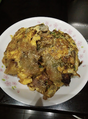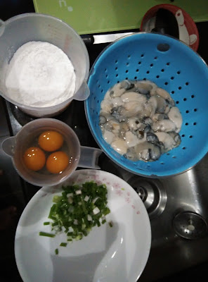 簡單煎蠔餅By angelma21簡單煎蠔餅編輯: By angelma21預備---分鐘烹調35分鐘總共35分鐘難度1 / 3份量3-4人簡介蠔餅做法個個唔同,老公話正中潮州的用番薯粉同鴨蛋,今次就用哩二樣加蠔就做出好味潮式蠔餅材料基本材料: 蠔仔1斤,蕃薯粉200g約杯半,鴨蛋三只,蔥1棵,水半杯調味:鹽半茶匙,糖1茶匙,糊椒粉適量,魚露1湯匙 做法1 蠔仔先用生粉清洗乾淨將鴨蛋打勻蕃薯粉加水撈勻 生蠔洗淨後用滾水拖拖 將蠔,蔥同鹽糖加入番薯粉撈勻放些少油,油一定要熱倒入粉糊見粉糊開始變透明加入一半鴨蛋蛋熟就可返另一邊繼續煎加餘下的鴨蛋煎到金黃就食得 小貼士薯粉一定先用水開了就唔會有粉粒主菜煎炸中式海鮮相關食譜【Cooking TV】煎蠔餅By 靚太Club 時間: 30 分鐘 | 份量: 3-4人【Cooking TV】黃金蝦By 靚太Club 時間: 30 分鐘 | 份量: 3-4人砵酒焗生蠔By Seikobear 時間: 2 小時 | 份量: 2人
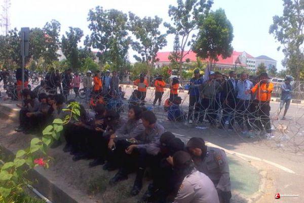 Teriknya Matahari, Buruh dan Aparat Kepolisian Berteduh
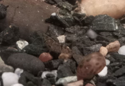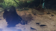 Du coup je disais mimétisme avec le poisson, plutôt qu'avec leur environnement. Avant elles étaient sur basalte noir, et elles étaient gris clair ou rousses...  Deux d'entre elles avant leur changement de bac :
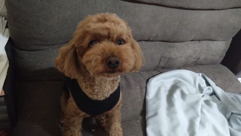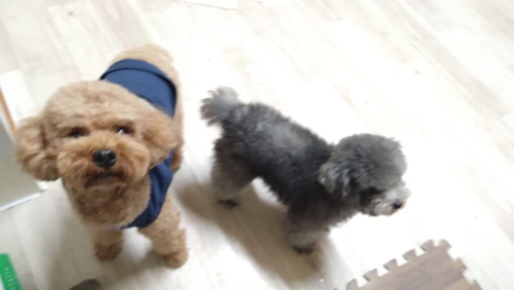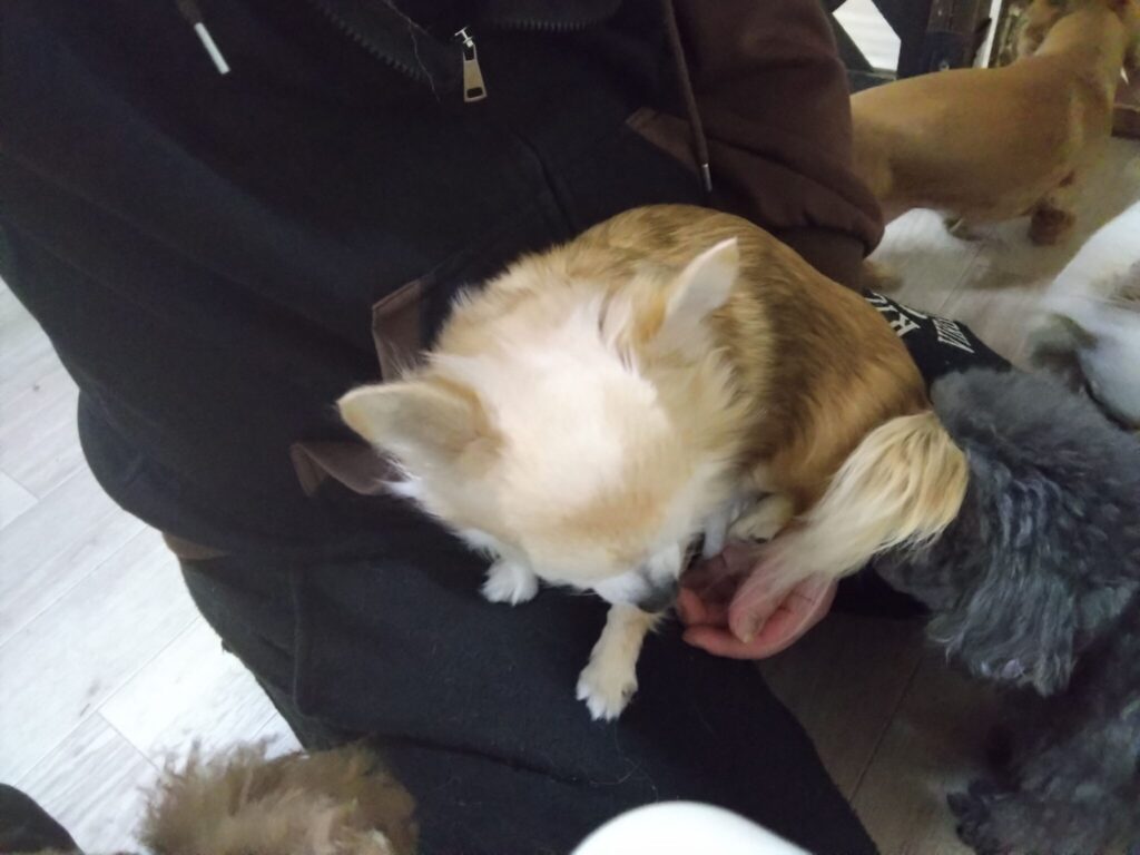 こむぎがゆったりしてて、ハナは膝乗れずに残念そう😅
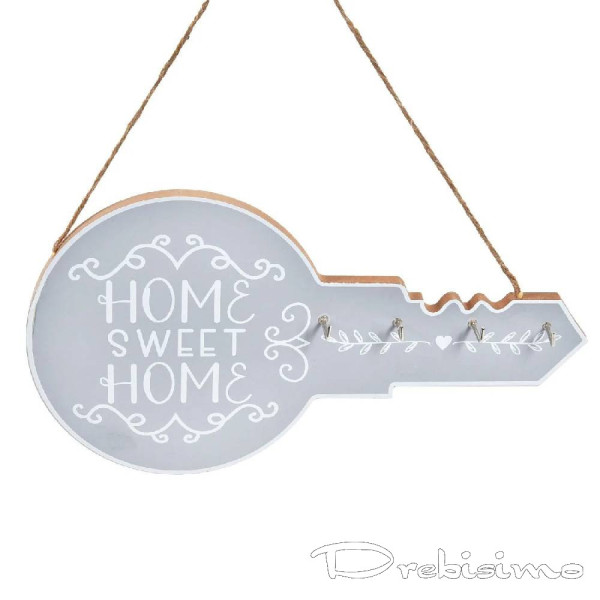 Закачалката за ключове може да бъде оригинален и практичен подарък за новодомци. Изработена от дърво в сив цвят, с форма на ключ и надпис "Home sweet home".
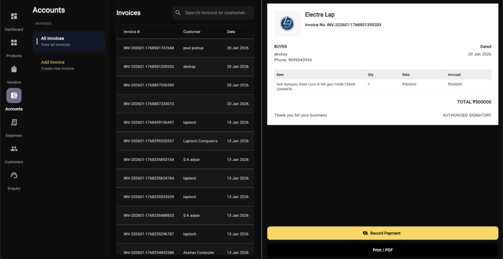 Generate invoices, track transactions, and keep complete sales history in one place.
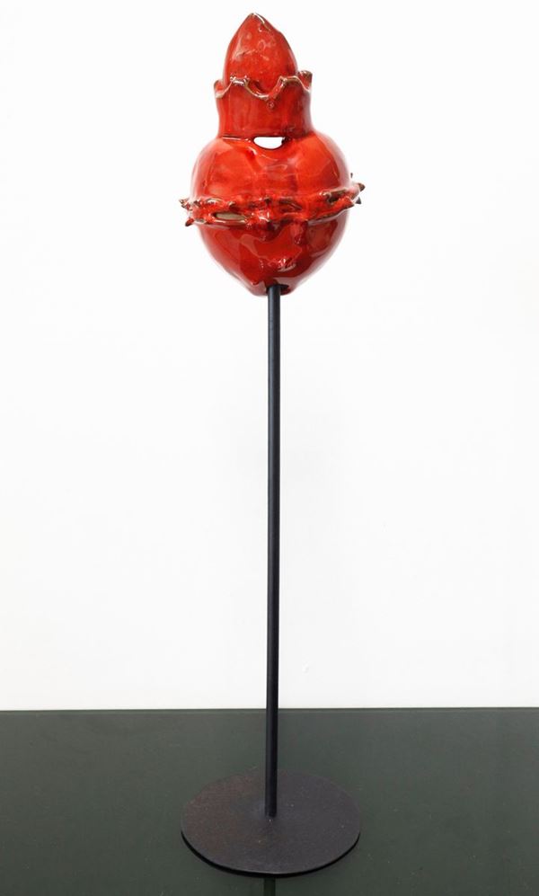 Heart in glazed ceramic on an iron base. Reworking and reinterpretation of the typical ceramic manufacturing. It was born from the need to give shape to something which, in the collective imagination, was linked to the popular tradition of the land of origin of the creators, Sicily, and which had a strong symbolic meaning. The solemnity of the Sacred Heart is highlighted but at the same time toned down by the use of colour.
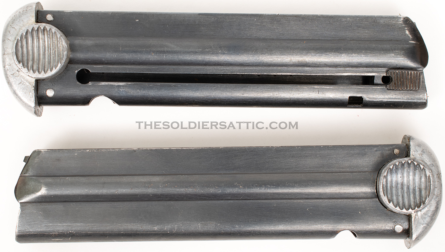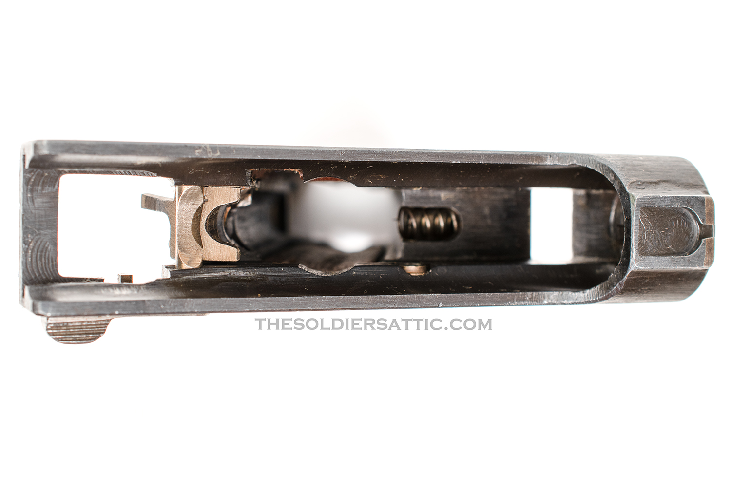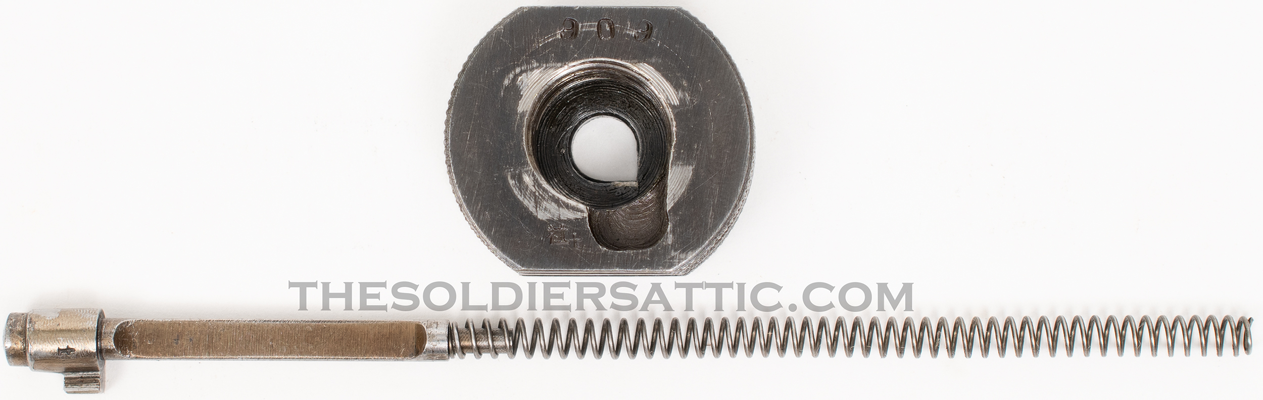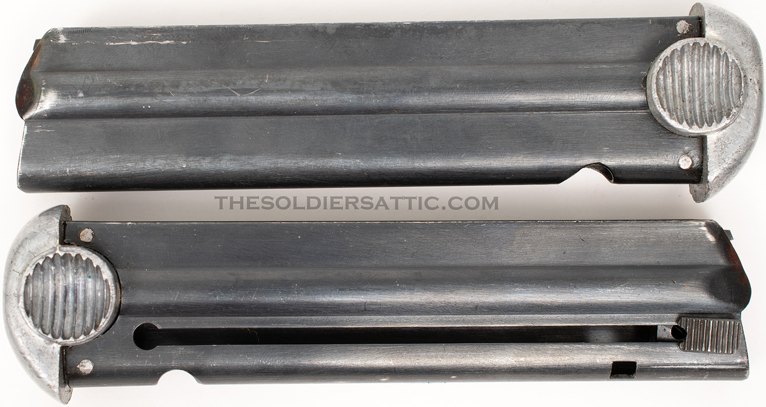 Features of this Type 14 pistol include the large, winter triggerguard; a blued finish; Philippine Mahogany wood grip panels; and fine-knurled cocking knob. The 73mm long striker is correct in its blued finish and lack of SN marks; the correct flat-sided striker guide is 47mm in length. Both parts carry proper Kokubunji factory inspection marks. The wood grip panels are correct with both their 17 grooves and lack of SN. The right grip panel has an inspection mark stamped on the inside. Both magazines are the correct Type VII variant with latch cut outs and 9-groove alloy bases.
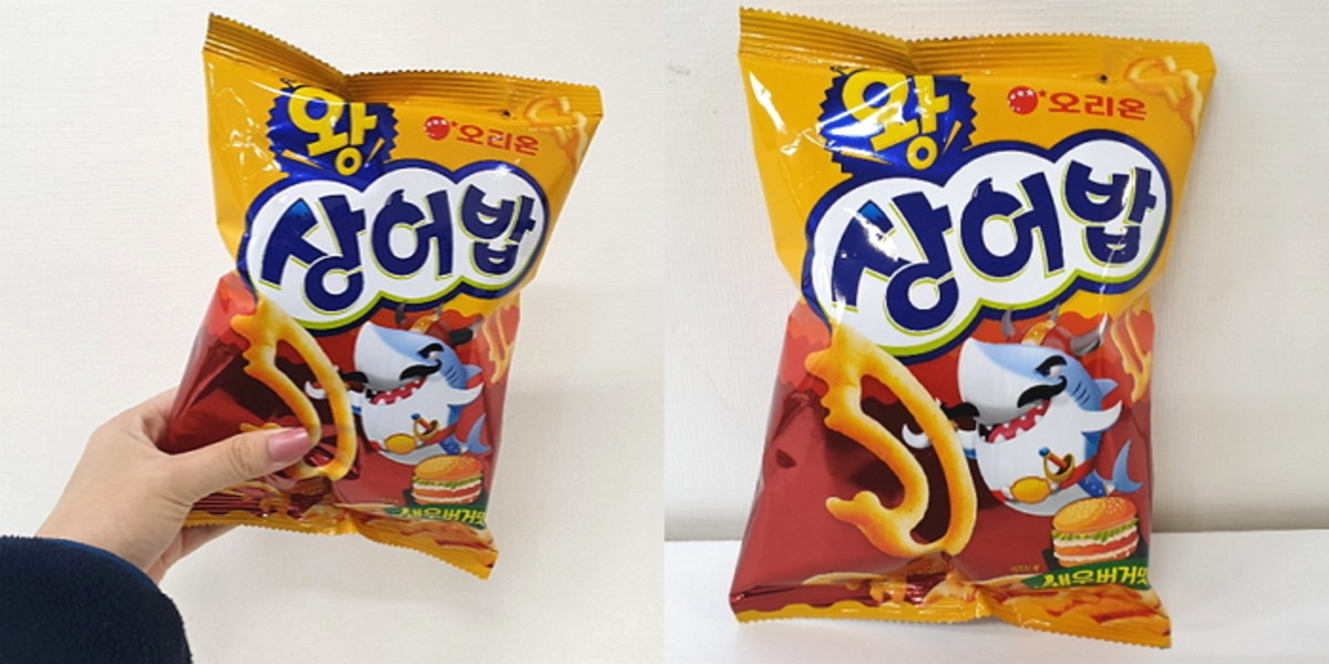 왕상어밥 새우버거맛은 기존 '상어밥'의 맛은 그대로 유지하면서 과자 크기를 3배 가량 키워 씹을 때 상어밥 여러 개를 한 번에 먹는 듯한 느낌을 준다.
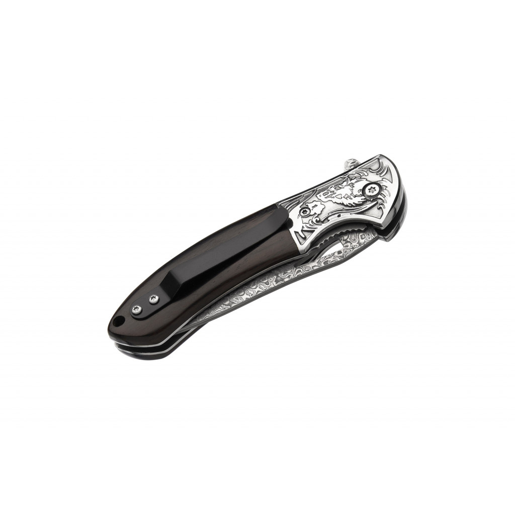 Узор дамаска — не просто украшение, а признак высокого класса стали и напоминание о традициях кузнечного искусства. Каждый такой рисунок уникален. Благодаря этому складной нож Grand Way DG 200 (дамаск) заметно выделяется на общем фоне.
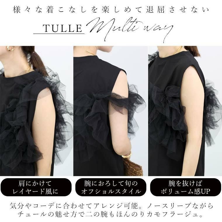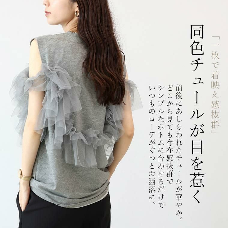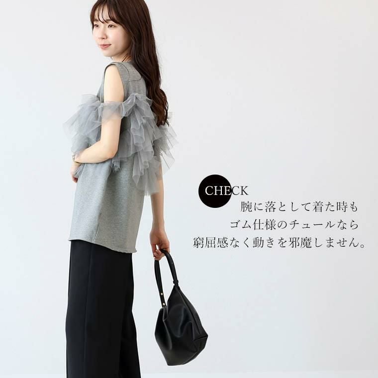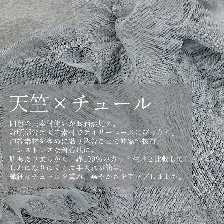天竺素材のカットソーにチュールをあしらったデザイントップス。伸縮素材を多めに織り込むことで肌あたりやわらかく、リラクシングな着心地に。綿100%のカット生地と比べてシワにもなりにくくお手入れも簡単です。前後に大胆に施されたチュールが華やか。フェミニンな印象のチュールデザインも、身生地と同色のチュールなら甘くなり過ぎず大人も取り入れやすいよう計算されています。チュールは肩にかけたり、腕に落としてオフショルダーとしても着られるマルチwayデザイン。お好みで様々な着こなしを楽しめます。着映え感と女性らしさを誘う主役トップスです。
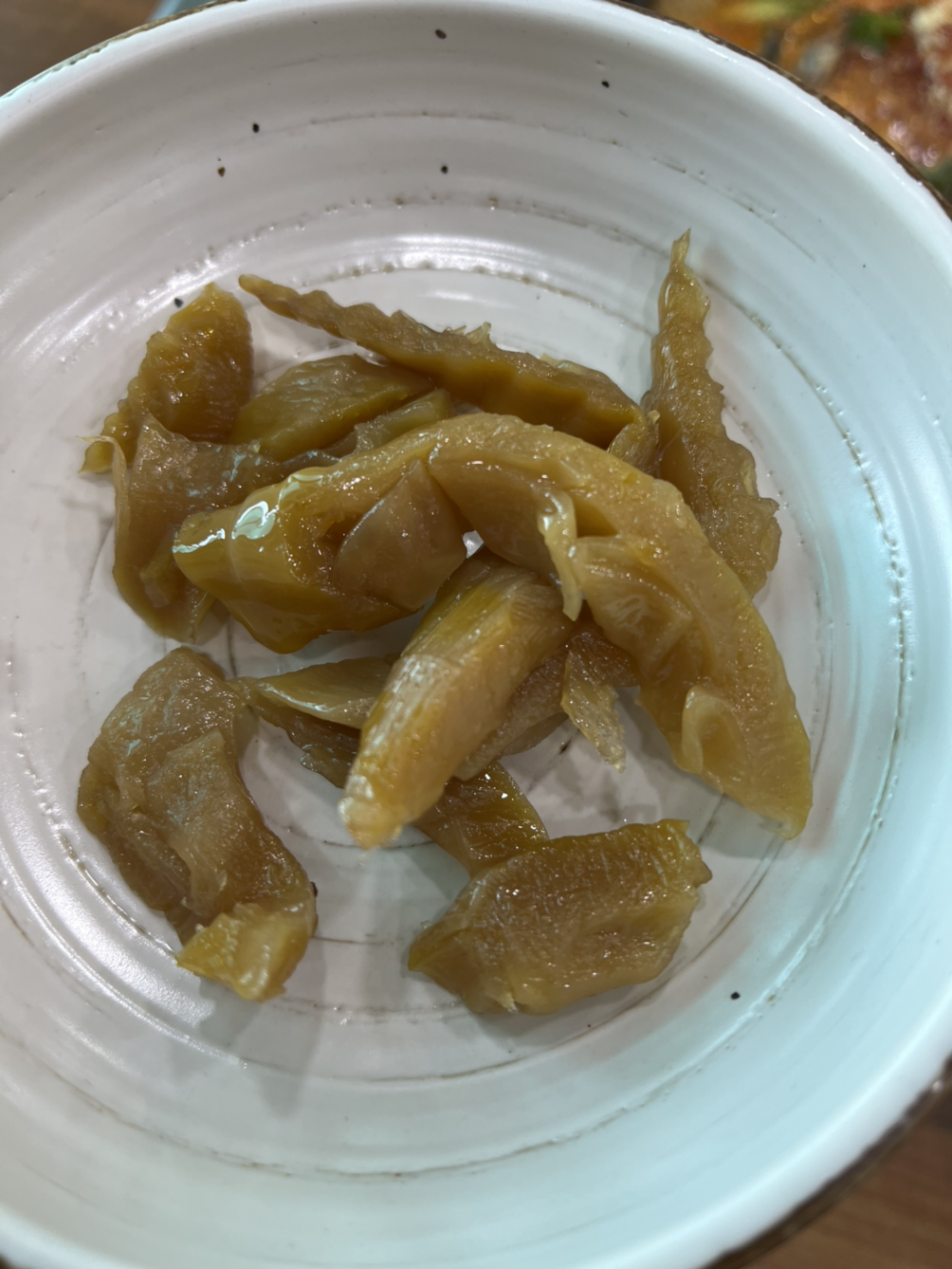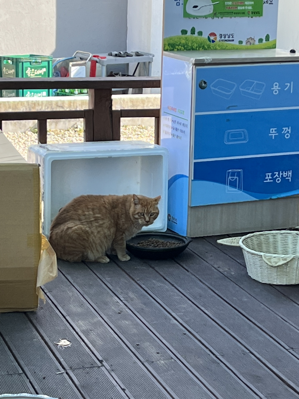 두 공기는 먹겠다며 호기롭게 달려들었지만 한 공기로도 배가 불러 숟가락을 내려놓게 된다. 평소에는 늘 반공기만 먹으며 다이어트를 하는 엄마도 한 공기를 거의 비운 걸 보니 이 집 손맛을 인정하게 된다. 바로 옆에 가게에서 파는 멸치 간장이 보여 한 병 구매하게 되었다. 친절한 사장님은 멸치 간장으로 미역국 끓이는 법이나 톳 무침 만드는 법도 알려 주셨다. 잘 먹었다며 연거푸 인사를 하고 나오는 길에 노란 고양이 한 마리가 문 앞에서 기다리고 있는 걸 보고 깜짝 놀랐다.
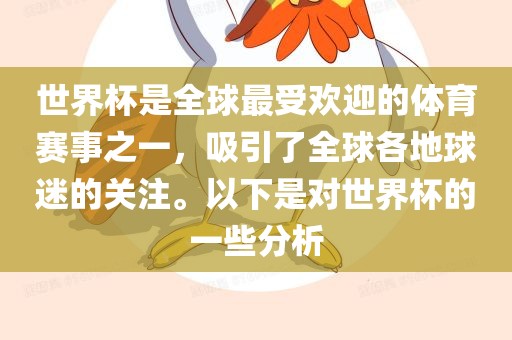 世界杯是全球最受欢迎的体育赛事之一,吸引了全球各地球迷的关注。以下是对世界杯的一些分析
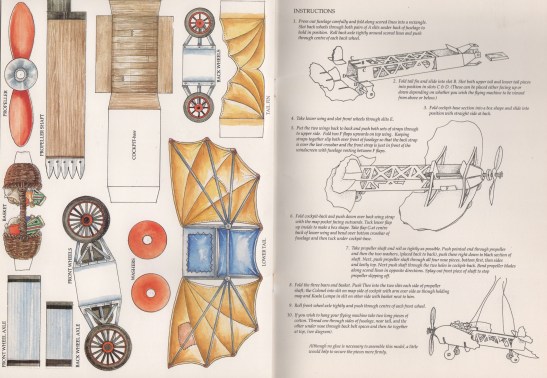 “THEO JUST INHERITED his Grandfather’s flying machine. It had become a little rusty and broken, but Theo set to work to repair it.” And thus begins this charming little book with six pages of heavy-stock pieces to press out and assemble. There’s the aeroplane, Theo the bear and his pals. the Colonel and Koala Lumpa.
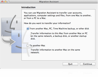 系統移轉輔助程式透過傳輸檔案、音樂、照片、應用程式、網路設定和偏好設定,簡化了從 Mac 或 Windows 電腦在 Mac 間轉移資訊的過程。只需使用 FireWire 或乙太網路線連接兩台 Mac 即可。如果使用 Time Machine,你可用 Time Capsule 透過 USB 或無線方式連接 Time Machine 備份磁碟,以傳輸備份裡的檔案。從 Windows 傳輸文件到 Mac 一樣容易。

== WORK TO COMPLETE ==
Your answer should be an exact copy of the entries above, with no images included.

== OUTPUT OF THE TASK ==
 簡單煎蠔餅By angelma21簡單煎蠔餅編輯: By angelma21預備---分鐘烹調35分鐘總共35分鐘難度1 / 3份量3-4人簡介蠔餅做法個個唔同,老公話正中潮州的用番薯粉同鴨蛋,今次就用哩二樣加蠔就做出好味潮式蠔餅材料基本材料: 蠔仔1斤,蕃薯粉200g約杯半,鴨蛋三只,蔥1棵,水半杯調味:鹽半茶匙,糖1茶匙,糊椒粉適量,魚露1湯匙 做法1 蠔仔先用生粉清洗乾淨將鴨蛋打勻蕃薯粉加水撈勻 生蠔洗淨後用滾水拖拖 將蠔,蔥同鹽糖加入番薯粉撈勻放些少油,油一定要熱倒入粉糊見粉糊開始變透明加入一半鴨蛋蛋熟就可返另一邊繼續煎加餘下的鴨蛋煎到金黃就食得 小貼士薯粉一定先用水開了就唔會有粉粒主菜煎炸中式海鮮相關食譜【Cooking TV】煎蠔餅By 靚太Club 時間: 30 分鐘 | 份量: 3-4人【Cooking TV】黃金蝦By 靚太Club 時間: 30 分鐘 | 份量: 3-4人砵酒焗生蠔By Seikobear 時間: 2 小時 | 份量: 2人
 Teriknya Matahari, Buruh dan Aparat Kepolisian Berteduh
 Du coup je disais mimétisme avec le poisson, plutôt qu'avec leur environnement. Avant elles étaient sur basalte noir, et elles étaient gris clair ou rousses...  Deux d'entre elles avant leur changement de bac :
 こむぎがゆったりしてて、ハナは膝乗れずに残念そう😅
 Закачалката за ключове може да бъде оригинален и практичен подарък за новодомци. Изработена от дърво в сив цвят, с форма на ключ и надпис "Home sweet home".
 Generate invoices, track transactions, and keep complete sales history in one place.
 Heart in glazed ceramic on an iron base. Reworking and reinterpretation of the typical ceramic manufacturing. It was born from the need to give shape to something which, in the collective imagination, was linked to the popular tradition of the land of origin of the creators, Sicily, and which had a strong symbolic meaning. The solemnity of the Sacred Heart is highlighted but at the same time toned down by the use of colour.
 Features of this Type 14 pistol include the large, winter triggerguard; a blued finish; Philippine Mahogany wood grip panels; and fine-knurled cocking knob. The 73mm long striker is correct in its blued finish and lack of SN marks; the correct flat-sided striker guide is 47mm in length. Both parts carry proper Kokubunji factory inspection marks. The wood grip panels are correct with both their 17 grooves and lack of SN. The right grip panel has an inspection mark stamped on the inside. Both magazines are the correct Type VII variant with latch cut outs and 9-groove alloy bases.
 왕상어밥 새우버거맛은 기존 '상어밥'의 맛은 그대로 유지하면서 과자 크기를 3배 가량 키워 씹을 때 상어밥 여러 개를 한 번에 먹는 듯한 느낌을 준다.
 Узор дамаска — не просто украшение, а признак высокого класса стали и напоминание о традициях кузнечного искусства. Каждый такой рисунок уникален. Благодаря этому складной нож Grand Way DG 200 (дамаск) заметно выделяется на общем фоне.
天竺素材のカットソーにチュールをあしらったデザイントップス。伸縮素材を多めに織り込むことで肌あたりやわらかく、リラクシングな着心地に。綿100%のカット生地と比べてシワにもなりにくくお手入れも簡単です。前後に大胆に施されたチュールが華やか。フェミニンな印象のチュールデザインも、身生地と同色のチュールなら甘くなり過ぎず大人も取り入れやすいよう計算されています。チュールは肩にかけたり、腕に落としてオフショルダーとしても着られるマルチwayデザイン。お好みで様々な着こなしを楽しめます。着映え感と女性らしさを誘う主役トップスです。
 두 공기는 먹겠다며 호기롭게 달려들었지만 한 공기로도 배가 불러 숟가락을 내려놓게 된다. 평소에는 늘 반공기만 먹으며 다이어트를 하는 엄마도 한 공기를 거의 비운 걸 보니 이 집 손맛을 인정하게 된다. 바로 옆에 가게에서 파는 멸치 간장이 보여 한 병 구매하게 되었다. 친절한 사장님은 멸치 간장으로 미역국 끓이는 법이나 톳 무침 만드는 법도 알려 주셨다. 잘 먹었다며 연거푸 인사를 하고 나오는 길에 노란 고양이 한 마리가 문 앞에서 기다리고 있는 걸 보고 깜짝 놀랐다.
 世界杯是全球最受欢迎的体育赛事之一,吸引了全球各地球迷的关注。以下是对世界杯的一些分析
 “THEO JUST INHERITED his Grandfather’s flying machine. It had become a little rusty and broken, but Theo set to work to repair it.” And thus begins this charming little book with six pages of heavy-stock pieces to press out and assemble. There’s the aeroplane, Theo the bear and his pals. the Colonel and Koala Lumpa.
 系統移轉輔助程式透過傳輸檔案、音樂、照片、應用程式、網路設定和偏好設定,簡化了從 Mac 或 Windows 電腦在 Mac 間轉移資訊的過程。只需使用 FireWire 或乙太網路線連接兩台 Mac 即可。如果使用 Time Machine,你可用 Time Capsule 透過 USB 或無線方式連接 Time Machine 備份磁碟,以傳輸備份裡的檔案。從 Windows 傳輸文件到 Mac 一樣容易。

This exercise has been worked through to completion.